AIM OF THE TASK. Write out the listing, please, but only from its first line through the line containing "A soft, timeless", exactly as given and without pictures.

== STORED DATA ==

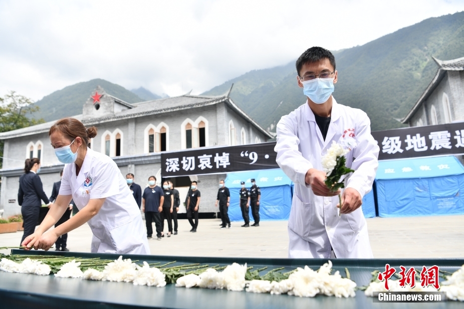 9月12日,医务工作者在磨西镇哀悼活动现场献花。中新网
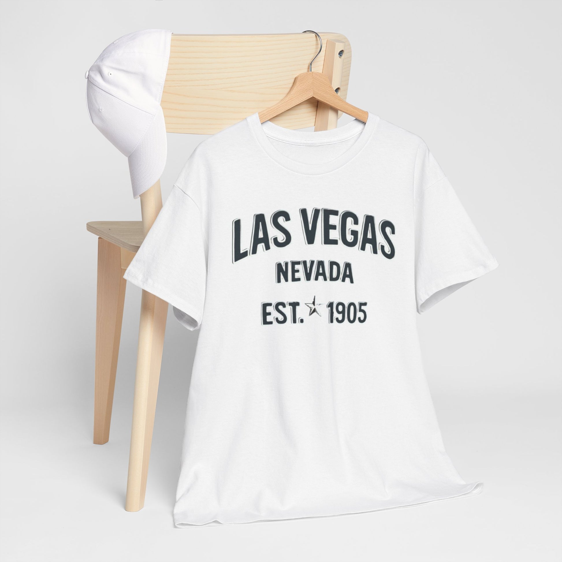 A soft, timeless tee that carries a quiet nod to Las Vegas history. Printed on a sturdy, smooth cotton body, the vintage-inspired typography sits slightly arched over ‘Nevada’ and a subtle ‘EST. 1905’, like a souvenir reclaimed from an old postcard. Wear it on easy days—walking the Strip at dawn, lounging with friends, or tucked under a jacket for a casual night out. The relaxed cut and crew neckline keep the silhouette familiar and comfortable, while the muted print lets the shirt feel lived-in and personal rather than flashy.
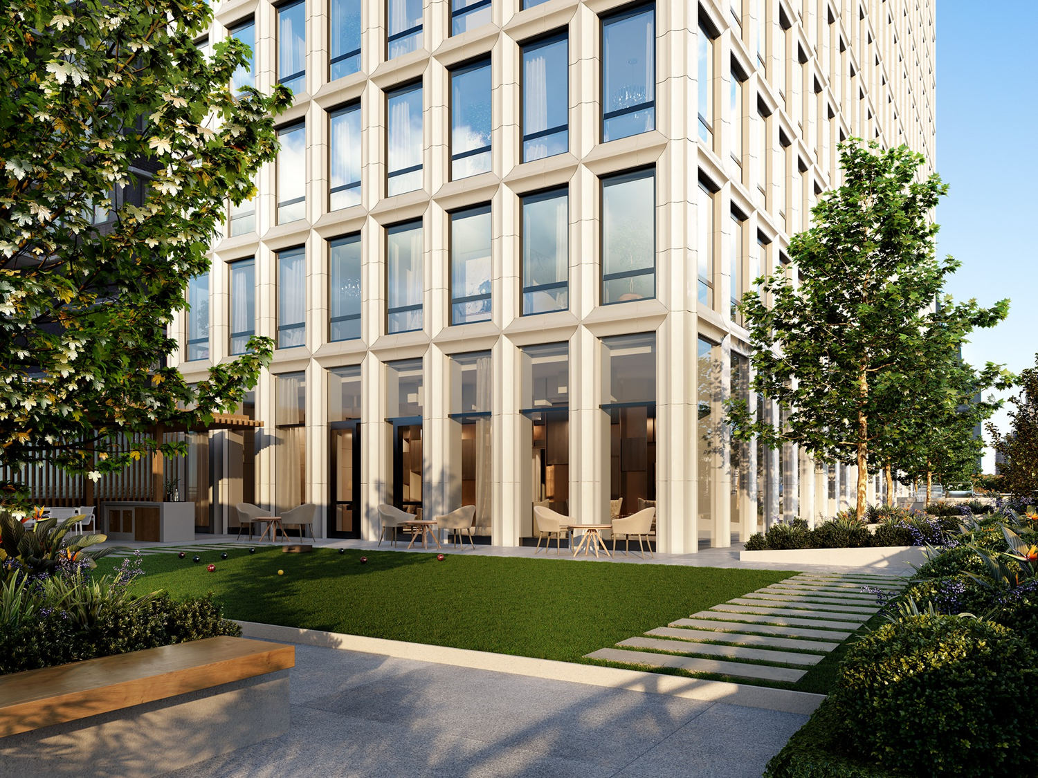 A medley of communal and social gathering garden rooms, adorned with high-performing plantings with diverse seasonal interests, emerge as organic, natural-world erosions from the terrace’s level stone floor.The versatility of the terrace’s landscape design welcomes residents with a calming and peaceful sanctuary resource as well as places for entertaining and passive recreation – all within the privacy of their urban home.
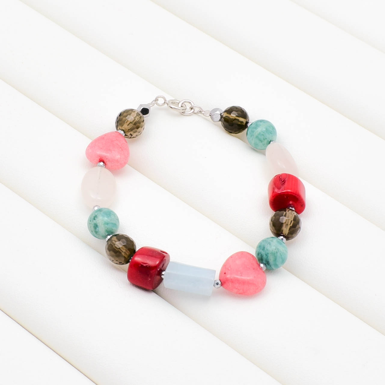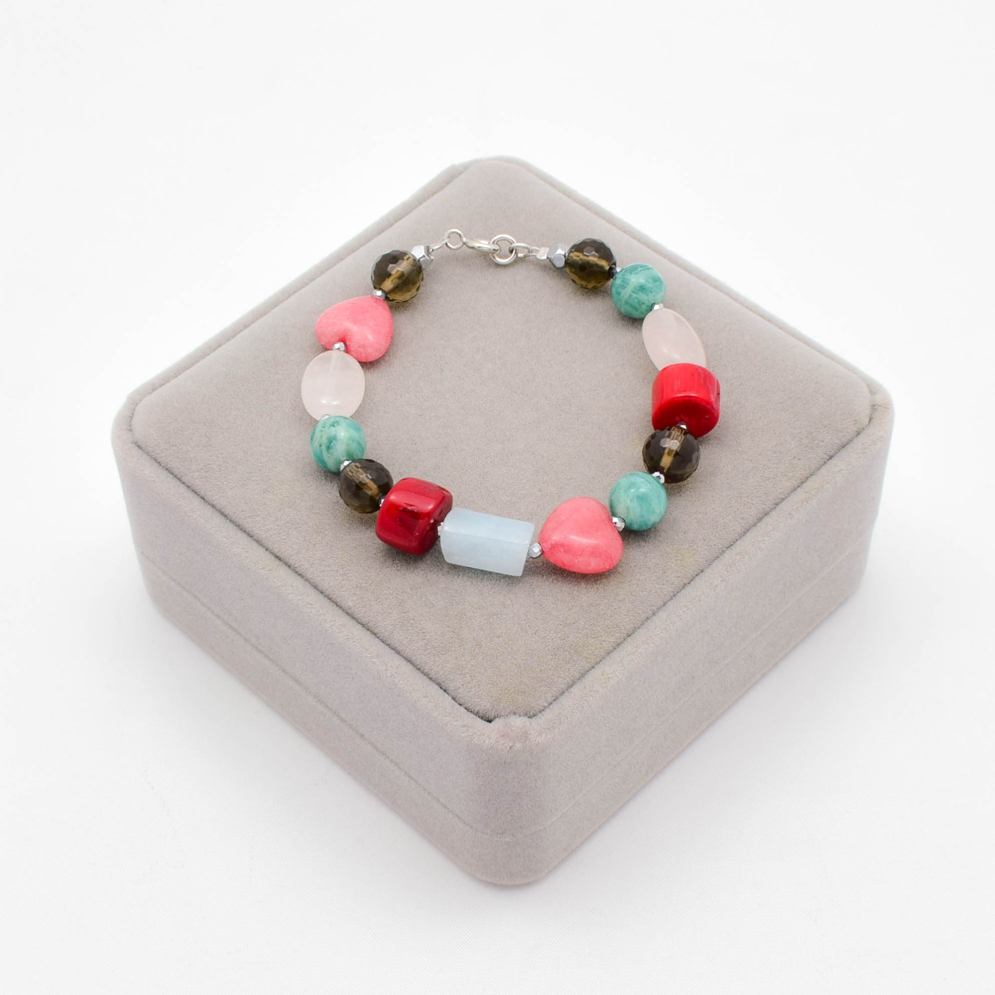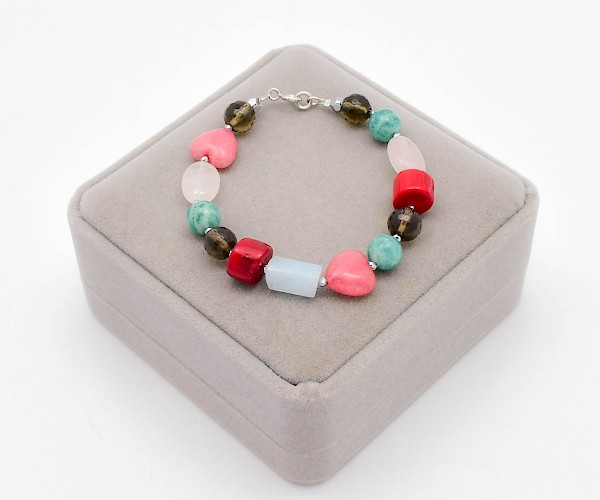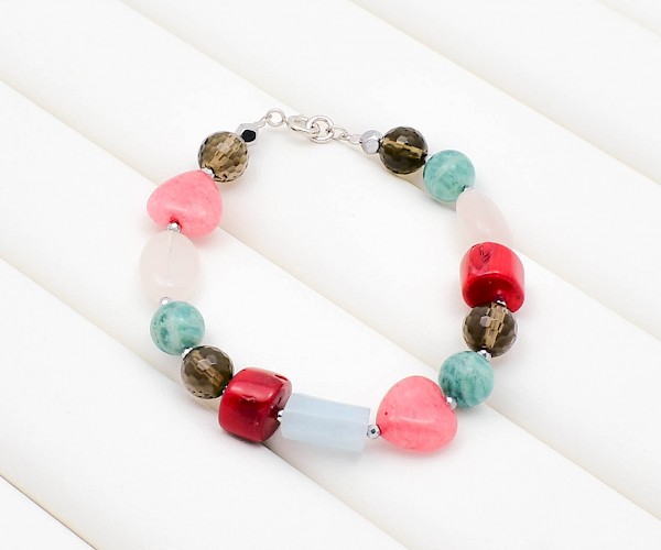 Bratara din amazonit, coral, cuart fumuriu, cuart roz, jad roz, acvamarin, hematit electroplacat si argint 925. Fiecare piatra semipretioasa (perla de cultura), este unica si exista posibilitatea sa apara mici diferente fata de modelul prototip din imagine.

===

TASK ANSWER.
 9月12日,医务工作者在磨西镇哀悼活动现场献花。中新网
 A soft, timeless tee that carries a quiet nod to Las Vegas history. Printed on a sturdy, smooth cotton body, the vintage-inspired typography sits slightly arched over ‘Nevada’ and a subtle ‘EST. 1905’, like a souvenir reclaimed from an old postcard. Wear it on easy days—walking the Strip at dawn, lounging with friends, or tucked under a jacket for a casual night out. The relaxed cut and crew neckline keep the silhouette familiar and comfortable, while the muted print lets the shirt feel lived-in and personal rather than flashy.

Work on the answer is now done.